L'isola é conosciuta anche per esser stata uno dei set cinematografici del film The Beach, con Leonardo di Caprio; ed é tappa obbligata per tutti gli amanti delle immersioni.

Questa triste vicenda é cominciata nel settembre 2014, con l'omicidio di una giovane coppia britannica (Hannah Witheridge e David Miller) che stava passando la serata sulla spiaggia. Botte e violenza.
E la polizia locale che archivia il caso frettolosamente trovando due capri espiratorii a cui far pagare l'assoluta negligenza delle indagini.
Negli anni a seguire la storia si ripete: é la volta di Nick Pearson, ufficialmente "caduto dagli scogli "; Dimitri Povse, un ragazzo francese che "pare si sia suicidato"; Christina Annesley che "deve aver esagerato nel mischiare antibiotici ed alcool"? l'ultimo sulla lista, fino a poco tempo fa, era Luke Miller, anche lui" annegato" durante un bagno in piscina.
Oggi il mondo si interroga su quanto sia realmente accaduto alla giovane turista belga Elise Dallemagne, il cui corpo é stato ritrovato lo scorso aprile in un parco, divorato dai varani. Anche in questo caso per la polizia locale si é trattato di un suicidio.
Questa spiegazione, chiaramente, non ha convinto la famiglia della vittima che ha fatto di tutto perché la morte della giovane finisse all'attenzione della stampa internazionale e si smuovessero le indagini.

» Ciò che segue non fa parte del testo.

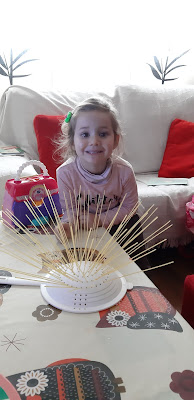 Ana ha superado el reto 2!!!, se ha disfrazado de color rosa y con bonitos complementos también en rosa porque está enamorada de su mamá.
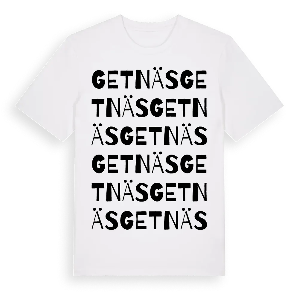 En ordlek byggd på Getnäss namn. Subtilt och klurig – ett motiv som bara de som verkligen känner platsen fullt ut förstår. Premium bomull, unisex – från Getnäs i Östergötlands län.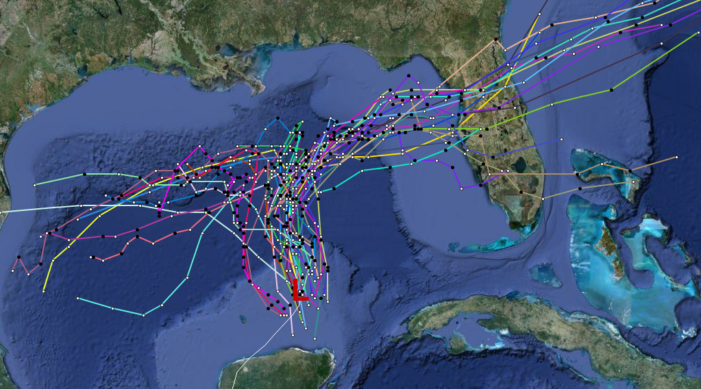 You have to look into the physics and dynamics of this system to really see why the NHC jumped from 70 to 80% this evening. 96L slowly drifted away from the Yucatan this afternoon by only about 2 mph to the north according to the Navy. Intense, cold cloudtops waned this afternoon over the Yucatan channel. This is to be expected with a developing system, and thunderstorms should reboot during the overnight hours tonight. An interesting thing that the downtick of thunderstorms allowed us to do was see the lower levels of the system. Below I have included my general estimates of the center of the system at two different levels. As you can see, these two are not lined up, and I have noted a couple instances of that low level center racing out in numerous directions today. I think that the ‘permanent’ LLC may take over farther to the east overnight nearest to where the strongest storms took place earlier today. The green arrows signify continuing bands of moisture moving into Florida overnight, and the orange arrow signifies general direction of motion over night.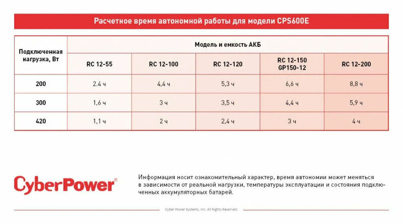 Ниже Вы можете прочитать отзывы на Cyberpower Cps600e UPS Cyberpower CPS 600 E 420 VA 12 V ., ознакомится с подробными характеристиками, посмотреть интересные обзоры и фотографии на Cyberpower Cps600e UPS Cyberpower CPS 600 E 420 VA 12 V ..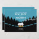 Change of address announcement in blue and black, featuring a cosy little cabin in the woods with windows and a retro style forest with pine trees.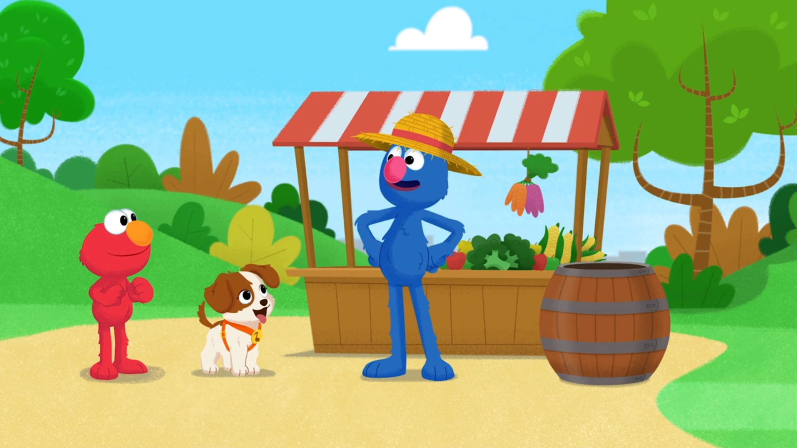 Elmo and Tango go on a walk where they meet Farmer Grover. Grover demonstrates that his straw hat is what makes him a farmer, but a second after he places it down, it disappears. | ||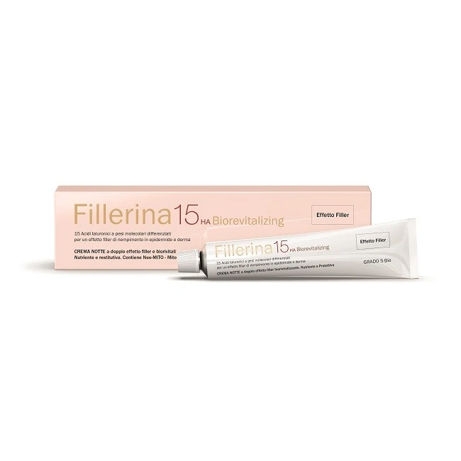 Fillerina 15 HA Biorevitalizing crema notte è un trattamento quotidiano a doppio effetto filler e biorivitalizzante su tutte le zone del viso. Nutriente e resitutiva, da utilizzare da sola o in abbinamento agli altri preparati Fillerina Biorevitalizing.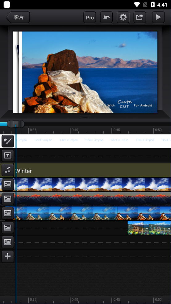 5、轻松创建PIP(画中画)电影:只需将一部电影放在另一部电影上;Cute CUT甚至支持每个视频片段的独立大小调整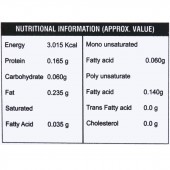 Energy: 3.015 kcal, Protein: 0.165 g, Carbohydrate: 0.060 g, Fat: 0.235 g, Saturated Fatty Acid: 0.035 g, Mono Unsaturated Fatty Acid: 0.060 g, Poly Unsaturated Fatty Acid: 0.140 g, Trans Fatty Acid: 0.0 g, Cholesterol: 0.0 g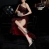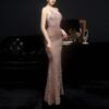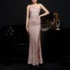 ベルベット ドレス イブニングドレス 韓国ドレス ハイネック 5分袖 首元シースルー ハイウエスト マーメイド ロング ブラック XS/3XL 韓国【K3328】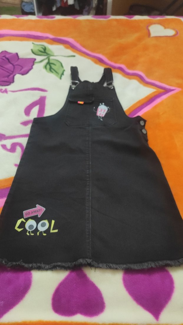 Siyah renkli, baskılı kız çocuk askılı elbise, sentetik kumaştan, bol kesim ve kolsuz. Kolay giyim için cırt cırtlı, sokak stili.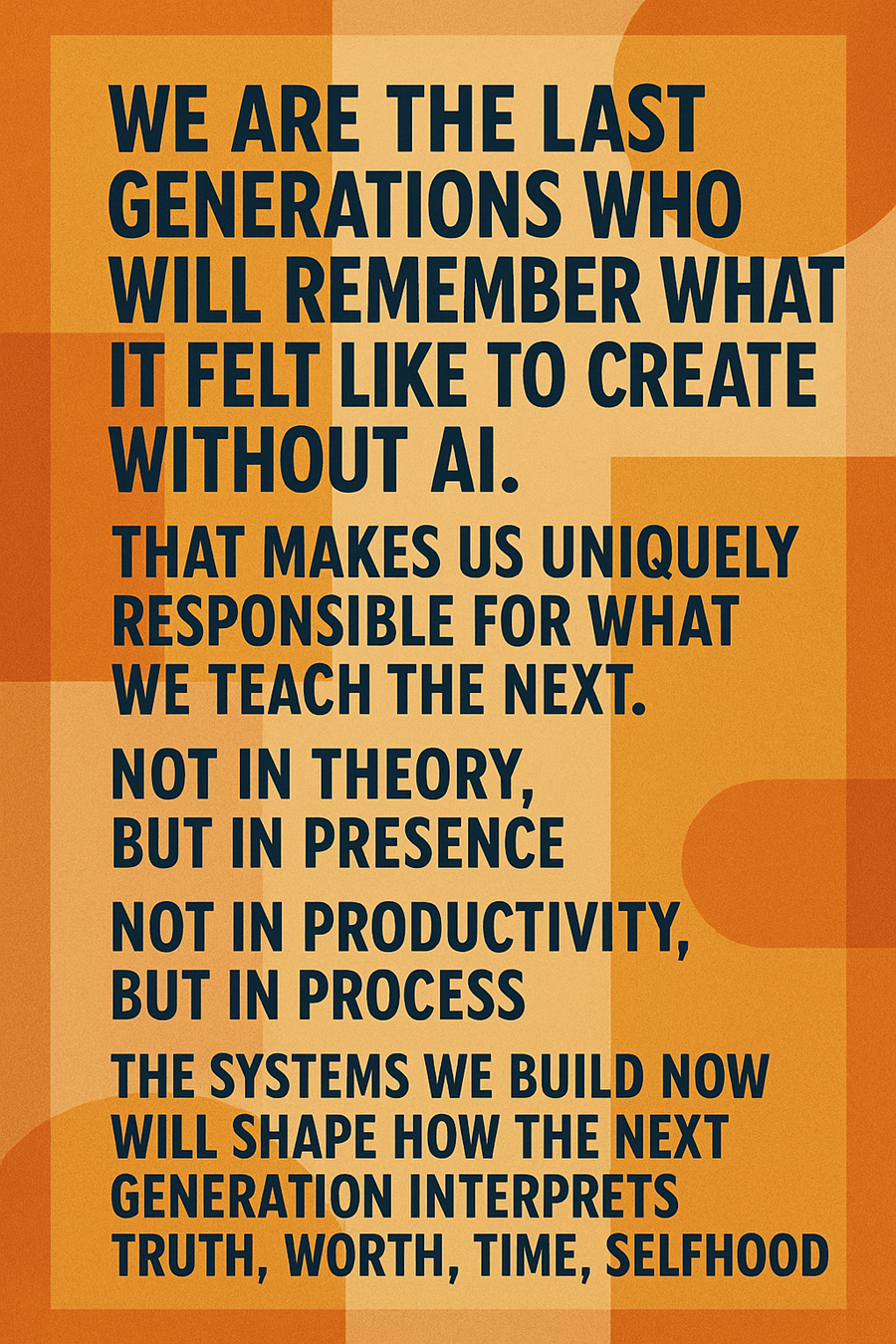 Our memory of creation before AI is not nostalgia -- it is sacred responsibility.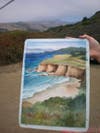 This week, the group met again at a Highway 1 coastal overlook. A cool and overcast day must have contributed to the small turnout of artists today. Some worked on last week’s painting and others started anew.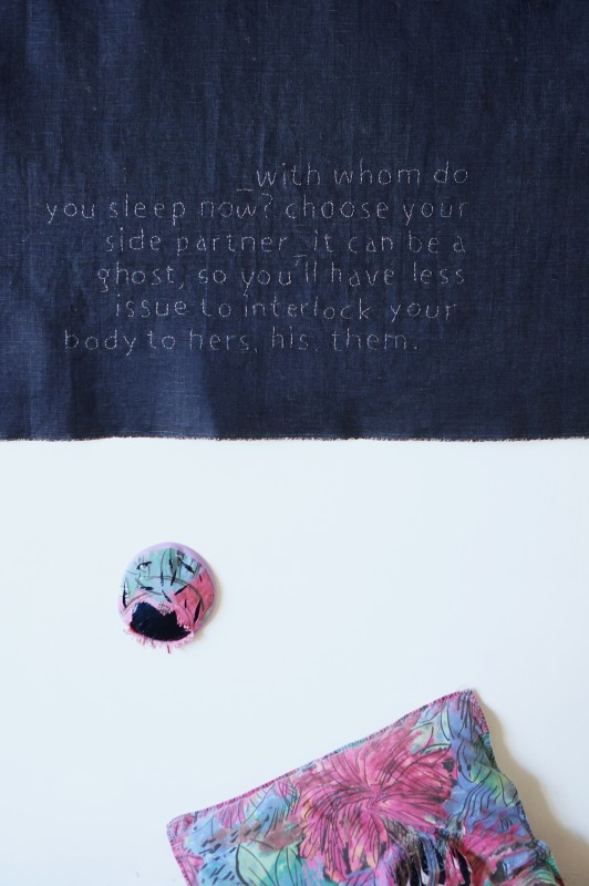 The work seeks to bring together ghosts, sensualities, forms of struggle, working through the slow labor of embroidered thread on insomniac imaginaries, valuing the status of this state of non-rest.

Ma le autorità tailandesi sembrano poco incline a voler riaprire il caso, in quanto tutto questo parlare di omicidi rovina la reputazione dell' isola e dell'intera Thailandia; tanto da aver rilasciato alla stampa una foto presa da delle telecamere di sicurezza, dove si dovrebbe vedere chiaramente l'immagine di Elise che passeggia nel parco dove poi si sarebbe suicidata.
Peccato che la madre della giovane sostiene che la donna in questione non possa essere la figlia, in quanto troppo robusta.
A complicare ancor di più la vicenda, arriva la testimonianza di un uomo che dice di aver visto Elise scappare da un albergo, a causa di un incendio. Viene il dubbio che la giovane turista belga non si sentisse al sicuro visto che, stando a quanto dichiarato dal testimone, aveva fornito un' identità falsa per la registrazione.
Quello che é certo é che la sua morte si va ad aggiungere alla lista dei falsi incidenti/suicidi, stilati dalla polizia di Kho Tao, e non ci stupirebbe la notizia che anche il corpo di Valentina Novozhyonov, sparita da mesi, su un isola di 21 km ², prima o poi venisse ritrovato.
L'altra faccia del paradiso.

Un video di Anonymus dove si parla di quanto sta avvenendo in Thailandia

Anche Anonymus si sta occupando di quanto accade in Tailandia, sopratutto dopo l'esecuzione dei due presunti colpevoli per l'omicio della giovane coppia britannica del 2014. Il loro é infatti l'unico omicidio accertato, secondo le autorità locali. Per tutti gli altri ragazzi morti si parla di suicidio.